Romans 8:1, “There is now no condemnation for those in Christ Jesus.”

5. Prevent you from acting on wise counsel. You may hear true counsel, but you may feel frozen, overwhelmed, or spiritually numb. This scheme is so deceptive because it allows you to know what to do, but equates knowing with doing, thus deceiving the mind and heart from actually accomplishing it.

Galatians 5:7–8, “You were running well. Who hindered you from obeying the truth?”

Key questions to ask yourself: Am I seeking counsel from people I trust? Or am I determined to go it alone? Do I really believe that there is no one who understands? Or am I fearful of what they will say because I know that they won’t cater to what I want?

II. Signs of a Demonic Attack

Now that we have given the questions, let me try to lay out some particulars as to what may be a demonic attack.

· Accusation and shame over already forgiven sin (Revelation 12:10).

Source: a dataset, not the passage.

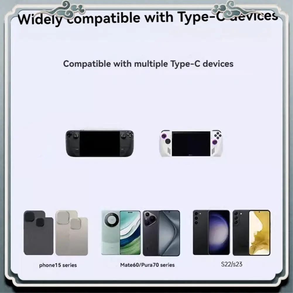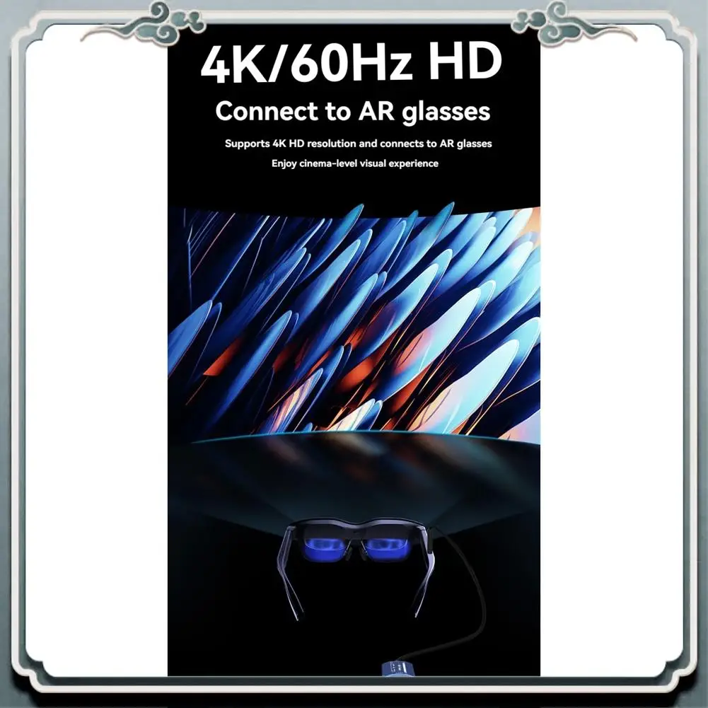 강력한 호환성: 모든 종류의 스마트 안경과 호환 가능: Xreal/Nreal용, Rokid Air/Max용, RayNeo XR용, Viture One용, Thunderbird AR용 등Switch, PS4/5, Steam Deck, ROG Ally 등 다양한 기기와 호환됩니다.모든 종류의 USBC 휴대용 모니터, USBC 프로젝터, Google TV용, Fire TV Stick용 등과 호환됩니다.Thunderbolt4/3 노트북, 휴대폰, 태블릿 등과 호환됩니다.

· Persistent oppression despite obedience (Job 1:8-12).

· Sudden & irrational division between leaders (Luke 22:3-4; Acts 5:3).

· Lies targeting your identity in Christ (Matthew 4:1-3, 5-6).

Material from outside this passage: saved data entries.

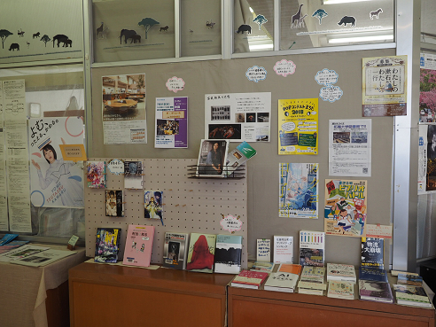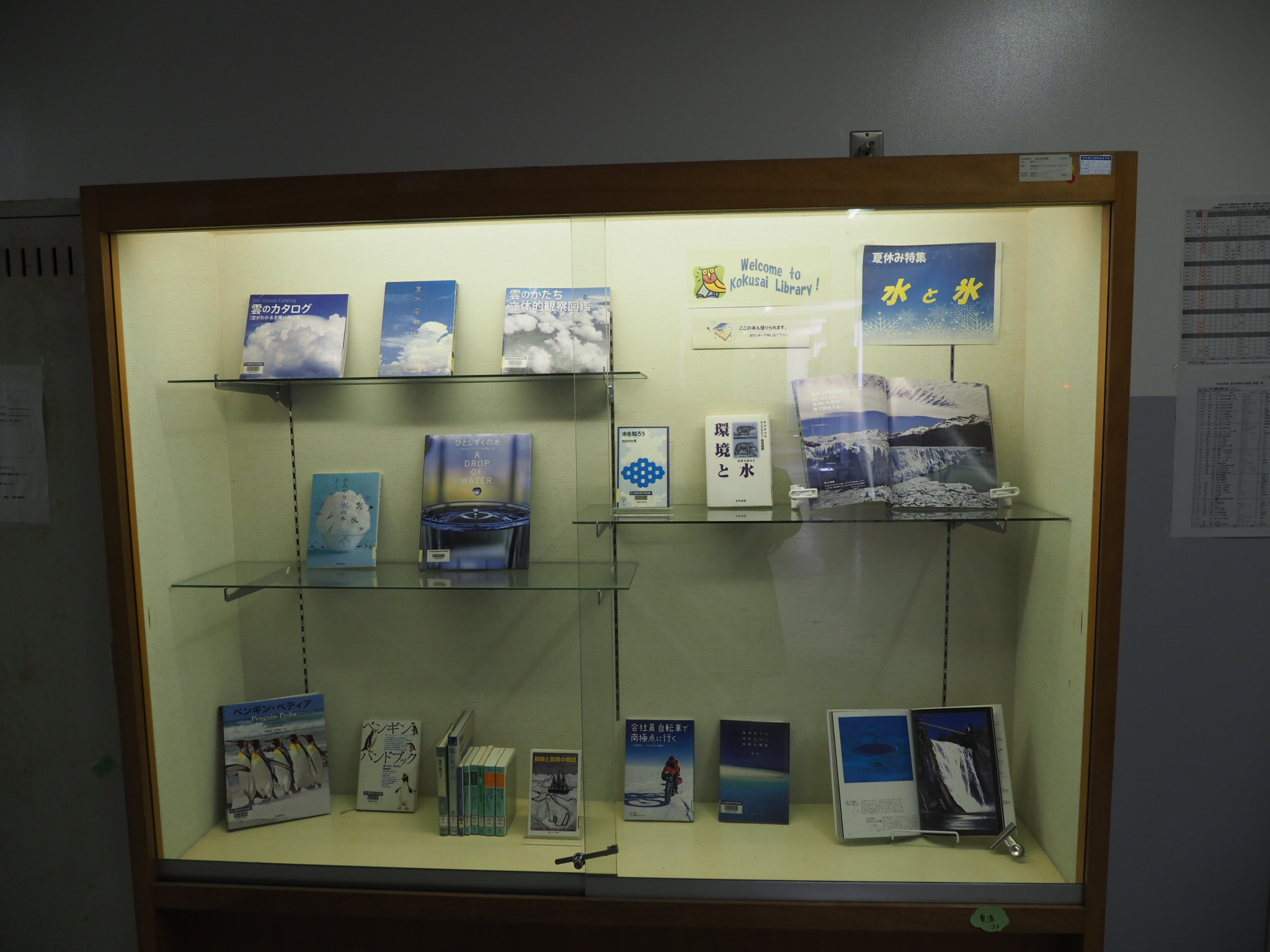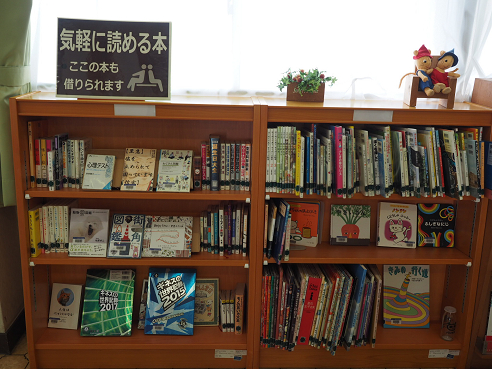 ちょっと涼しげな表紙の図書にお出迎えされてホッと……。
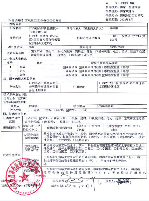 上一篇:江西高速石化有限責(zé)任公司武吉高速修水服務(wù)區(qū)東加油站工作場所職業(yè)病危害因素檢測報(bào)告
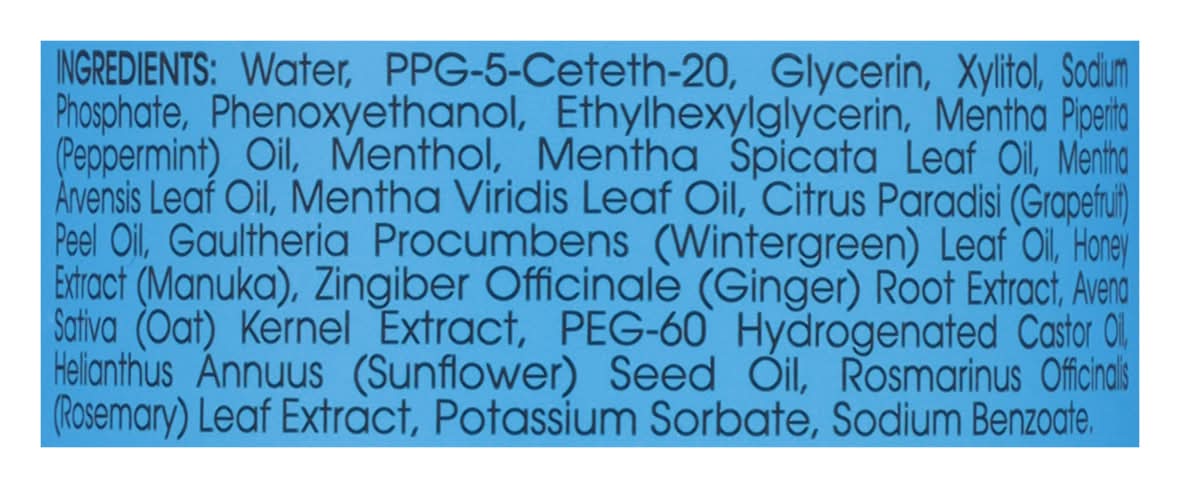 Ingredients: Water, PPG-5-Ceteth-20, Glycerin, Xylitol, Sodium Phosphate, Phenoxyethanol, Ethylhexylglycerin, Mentha Piperita (Peppermint) Oil, Menthol, Mentha Spicata Leaf Oil, Mentha Arvensis Leaf Oil, Mentha Viridis Leaf Oil, Citrus Paradisi (Grapefruit) Peel Oil, Gaultheria Procumbens (Wintergreen) Leaf Oil, Honey Extract (Manuka), Zingiber Officinale (Ginger) Root Extract, Avena Sativa (Oat) Kernel Extract, PEG-60 Hydrogenated Castor Oil, Helianthus Annuus (Sunflower) Seed Oil, Rosmarinus Officinalis (Rosemary) Leaf Extract, Potassium Sorbate, Sodium Benzoate Contains: Oat

· A consistent narrative that says you are worthless and that God doesn’t or won’t care (Romans 8:33-39).

· Intense temptation that feels externally provoked (1 Thessalonians 3:5; 1 Corinthians 7:5).

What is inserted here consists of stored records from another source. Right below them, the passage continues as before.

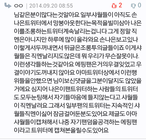 그럼 손나은 한테 망붕짓좀 작작 하라 하던가 그리고 니네가 먼저 태민한테 남창 드립 게이 같이 생겼다 뭐다 하면서 했지 않냐 지들 불리 할때마다 반대 쳐누르더라
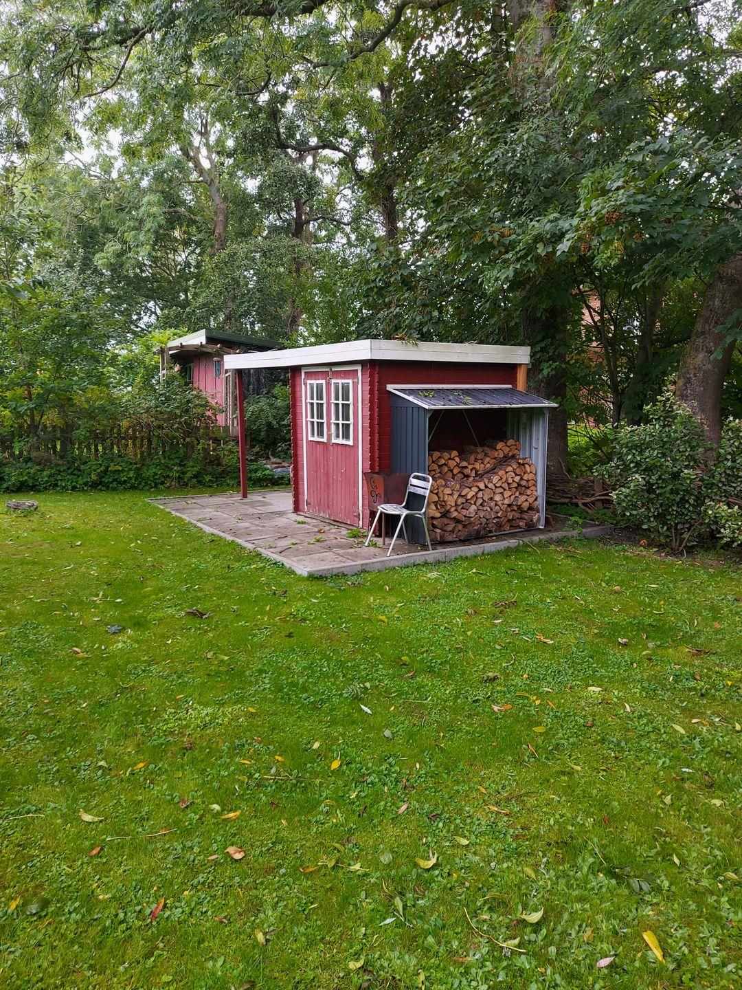 Fahrräder können auf der Terrasse des Gartenschuppens abgestellt werden.
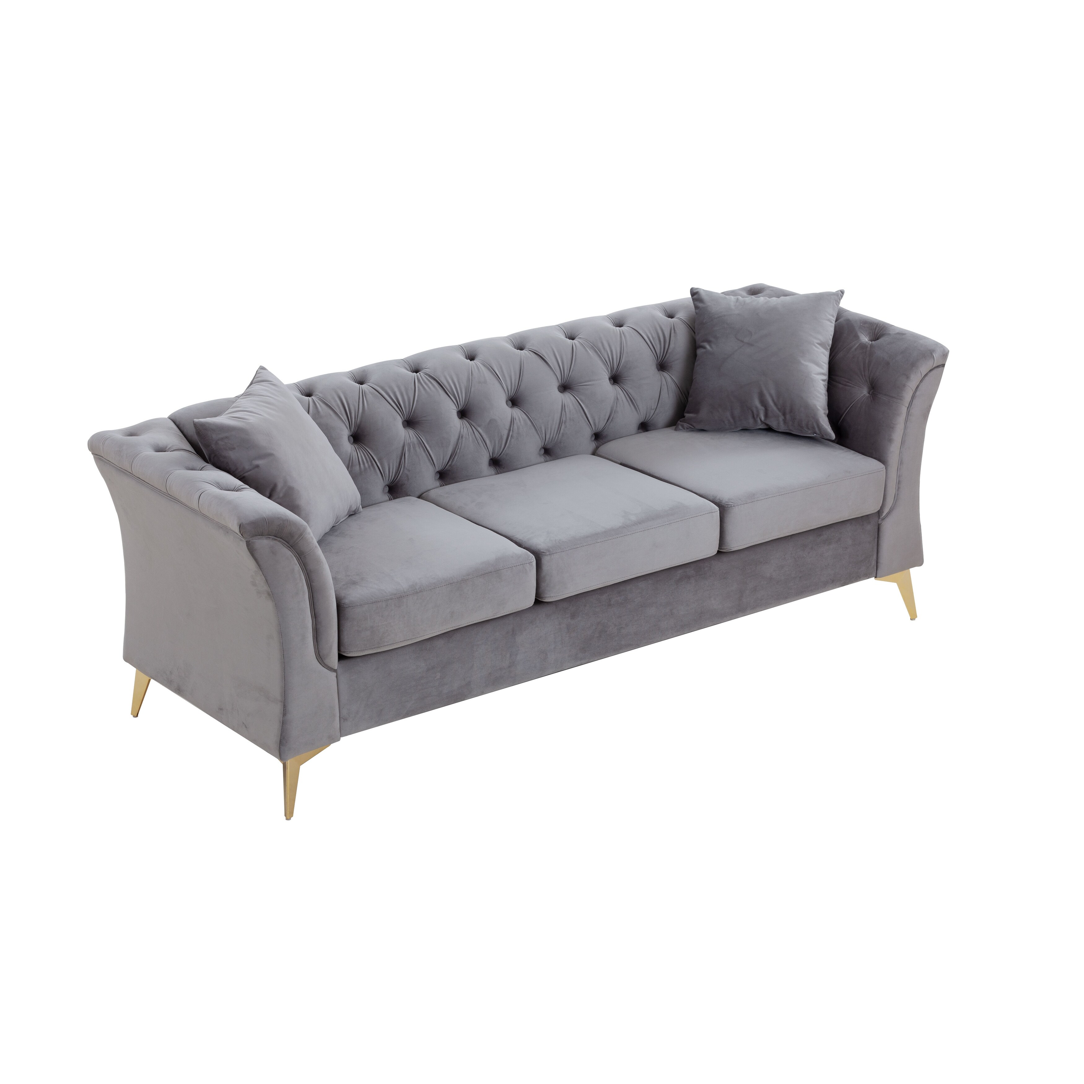 3 Seat Velvet Padded Seat Sofa Tufted Finish Living Room Sofa with Removable Back Cushion & Reversible & Metal Legs, Pillows
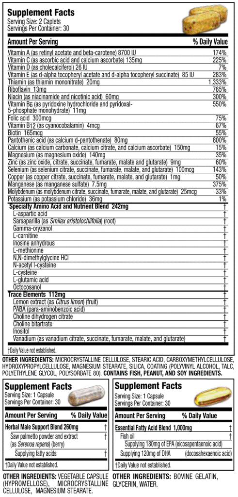 Mezcla vitaminas, minerales y ácidos grasos esenciales que todo atleta necesita. Enriquecido con saw palmetto.

· Opposition to ministry or mission that seems incessant (1 Thessalonians 2:18).

III. Exercising Discernment

Jesus combated Satan with truth, fasting, and submission to the Father (Matthew 4:1-11). Prayer, especially in spiritual warfare, is essential to discerning if it is an attack that you are experiencing or simply God’s hand directing you to something deeper, more substantial, and rooted in His love.

Fasting, too, can bring clarity to motives by exposing the things that we use to keep us from fully depending on God—our distractions, false comforts, and self-reliance. When these are stripped away, we are better able to hear His voice, see His hand, and walk in step with His will. Even then, it can remain elusive. Circumstances have a way of honing our focus. Allow the Spirit of God to search you (Psalm 139:23) and show you.

Discernment is not a momentary act but a lifelong practice rooted in intimacy with God.

I wish intimacy were easy.

I wish I could graduate and receive my Doctorate in Spiritual Maturity and be done with God’s Wilderness School.

But classes continue—and they may continue until we are released for the eternal holiday.

I can only do one thing on this side.

One exercise of agency.

Get out of bed each day and start over in trust.

Start over in battle.

Start over when I’m numb.

Start over after failure.

Weeping may tarry for the night, but joy comes with the morning” (Psalm 30:5).

As we walk with Him, we hope to distinguish His voice from the lies of the enemy, the pull of the flesh, and the noise of the world.

While clarity may not come instantly, persistent prayer, honest self-examination, and humble submission to God’s Word and Spirit will guide us.

Guide.

Not escape.

I believe He will reveal what you need in His perfect timing—because He is faithful, and His desire is not to confuse, but to lead you deeper into truth, love, and maturity for His glory and your joy.

Because ultimately, trust is what we are called to do.

And that we do until the eternal holiday comes.